Pancreatic ductal adenocarcinoma (PDA) is the fourth leading cause of cancer-related death in the United States. At the time of diagnosis most patients have metastatic disease and despite attempts to employ unique combination therapies the 5-year survival remains 4%. Although important progress has been made in understanding its biology, this knowledge has not yet resulted in a substantial change in patient survival and there is clearly a need to develop new and better strategies for the treatment of PDA. Inflammatory processes are instrumental to carcinogenesis and cancer progression. Eicosanoids, formed by cyclooxygenase and lipoxygenase activity, are important bioactive lipids produced in inflammatory and neoplastic conditions. Inhibition of eicosanoid production reduces the incidence and diminishes the progression of human cancers. Polyphenolic compounds from food sources and dietary supplements have been shown to possess anti-inflammatory properties via inhibition of cyclooxygenase and/or lipoxygenase activity. Based on data from our preliminary and the available literature, we hypothesize that polyphenolic compounds from green tea and Scutellaria baicalensis (SB): 1) inhibit proliferation and eicosanoid production in PDA cells; 2) lower the risk of developing PDA (preventive effect); and, 3) reduce the growth and spread of established PDA (therapeutic effect). We will study mechanisms of green tea (polyphenon E) and SB polyphenol action on proliferation, apoptosis, and cell cycle regulation in vitro as well as using stable isotopebased dynamic metabolic profiling (SIDMAP) technology to evaluate the overall phenotypic effect of polyphenols on PDA cells. In addition we will use mouse models to determine if polyphenon E and SB on can inhibit pancreatic carcinogenesis in a transgenic model of PDA (prevention model) and reduce PDA cell growth in the orthotopic xenograft model (treatment model). A unique aspect of our proposal is to use stable isotope-based metabolomics approach to relate changes in metabolic flux occuring at different stages in the carcinogenisis process in the transgenic mice. Our findings will form the rationale for future dietary recommendations involving phytonutrients and provide the scientific background for developing clinical trials designed to evaluate the potentially therapeutic and preventive benefit of polyphenolic compounds from green tea, SB, and other botanicals in PDA.

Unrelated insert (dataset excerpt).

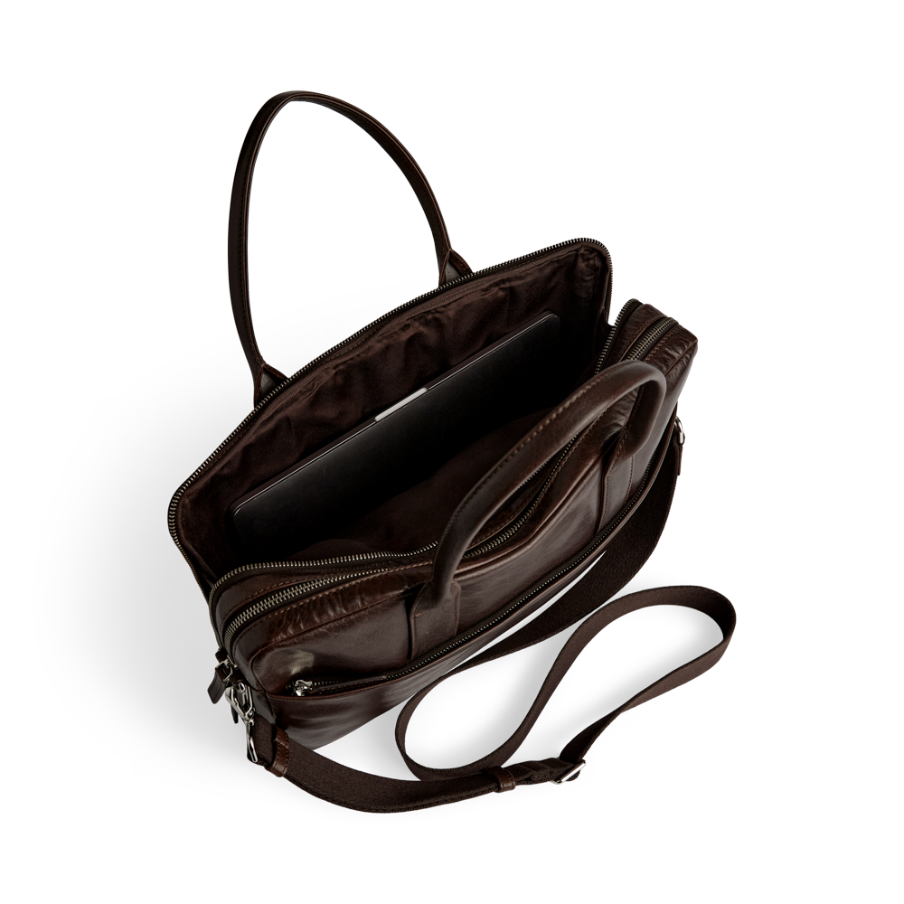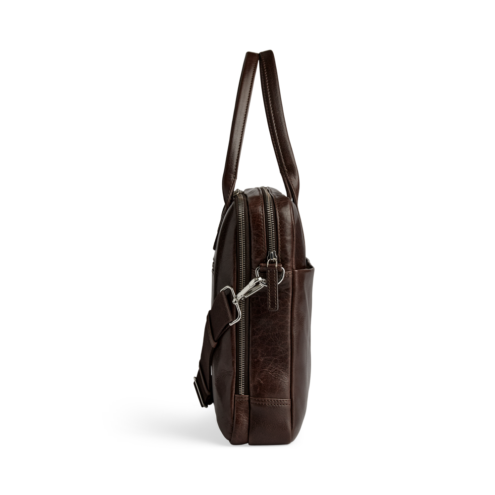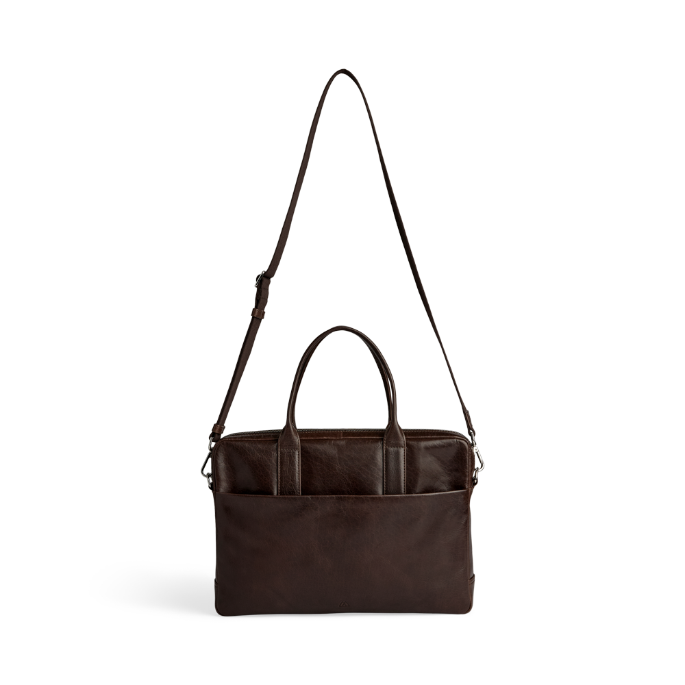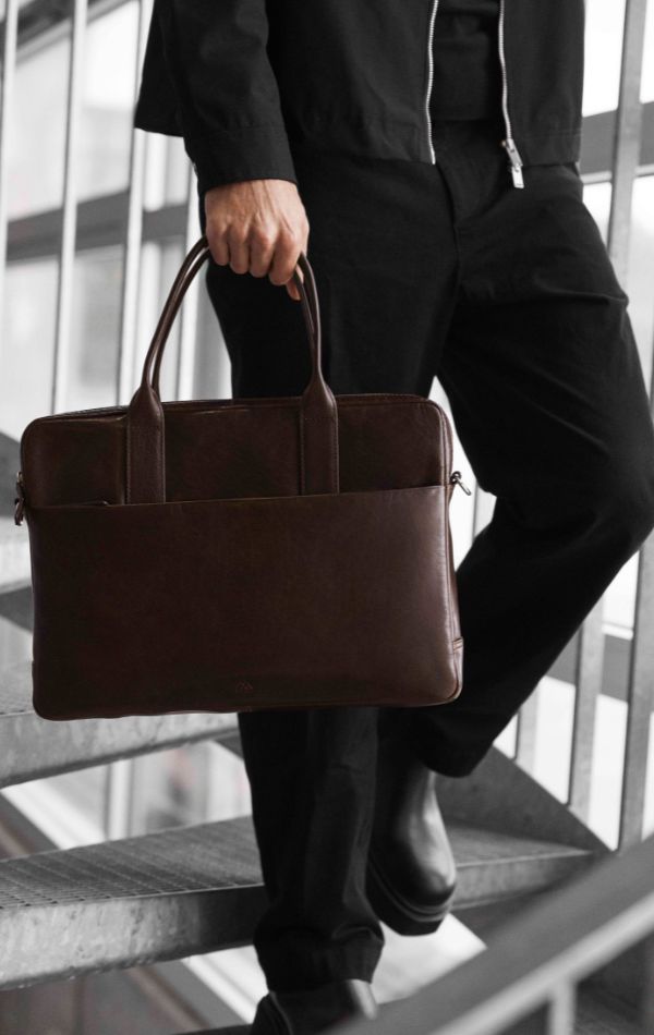 Elegant og funktionel computertaske i okseskind med et tidløst og maskulint udtryk. Tasken er designet med fokus på kvalitet og brugbarhed – ideel til både arbejde og rejser.
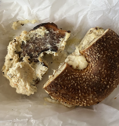 Read moreFirst time here. Place was immaculate and had lots of thoughtful details. Picked up breakfast and lunch to go. Ordered inside. Toasted french toast bagel w cinnamon raison spread was delicious. Bagel was slightly crunchy outside and soft and chewy inside. Spread was well balanced, not too much filling. Chicken salad sandwich was delicious and to my surprise came with a pickle spear and a small bag of chips! Taste of the chicken salad was on the sweeter side but overall pleasant. Smooth texture, not chunky. Leaf lettuce was fresh, tomatoes and red onion were sliced fresh and not sitting around w dull edges. All on a toasted kaiser roll. Slice of hazelnut chocolate cake for a family member said it was very good. Smooth filling, good flavors not just sweet sugar but could taste nutty and chocolate flavors on a flakey pie crust. Held up well hours later in the fridge. Tables were clean and chairs were slightly padded, comfortable and modern. Sat for a few minutes while everything was assembeled and packed. Asked for almond milk in a latte to go and asked about their plant protein to add to a smoothie for next time. Even the plastic cutlery is thoughtful; it includes a wet napkin and is branded with their locations and business name. On my way out sat at a different spot to check my items and look for my keys and looked like bathrooms were handicap friendly and large. Lots of seating options. Will...

胰腺导管腺癌（PDA）是联合癌症相关死亡的第四个主要原因 国家。在诊断时，大多数患者患有转移性疾病，尽管试图采用 独特的组合疗法5年生存率仍然为4％。尽管已经取得了重要进展 在理解其生物学时，这些知识尚未导致患者生存的实质性变化 显然，有必要制定新的，更好的策略来治疗PDA。炎症 过程对癌变和癌症的进展有用。 eicosanoids，由 环加氧酶和脂氧合酶活性是在炎症和 肿瘤条件。抑制类类生产可降低发生率并减少 人类癌症的进展。食物来源和饮食补充剂的多酚化合物具有 被证明通过抑制环氧合酶和/或脂氧酶具有抗炎特性 活动。根据我们的初步和可用文献的数据，我们假设多酚 绿茶和黄霉菌（SB）的化合物（SB）：1）抑制增殖和类黄花酱的产生 在PDA细胞中； 2）降低发展PDA的风险（预防效果）； 3）减少增长和扩散 已建立的PDA（治疗效应）。我们将研究绿茶（Polyphenon E）和SB的机制 多酚对增殖，凋亡和细胞周期调节的作用以及使用稳定同位素的作用 动态代谢分析（SIDMAP）技术，以评估 PDA细胞上的多酚。此外，我们将使用鼠标模型来确定Polyphenon E和SB是否在 可以抑制PDA的转基因模型（预防模型）中的胰腺癌发生并减少PDA细胞 原位异种移植模型的增长（治疗模型）。我们提案的一个独特方面是使用稳定 基于同位素的代谢组学方法，用于关联在不同阶段发生的代谢通量变化的方法 转基因小鼠的致癌过程。我们的发现将构成未来饮食的基本原理 涉及植物营养素的建议，并为开发临床试验提供科学背景 旨在评估多酚化合物的潜在治疗和预防益处 PDA中的绿茶，SB和其他植物药。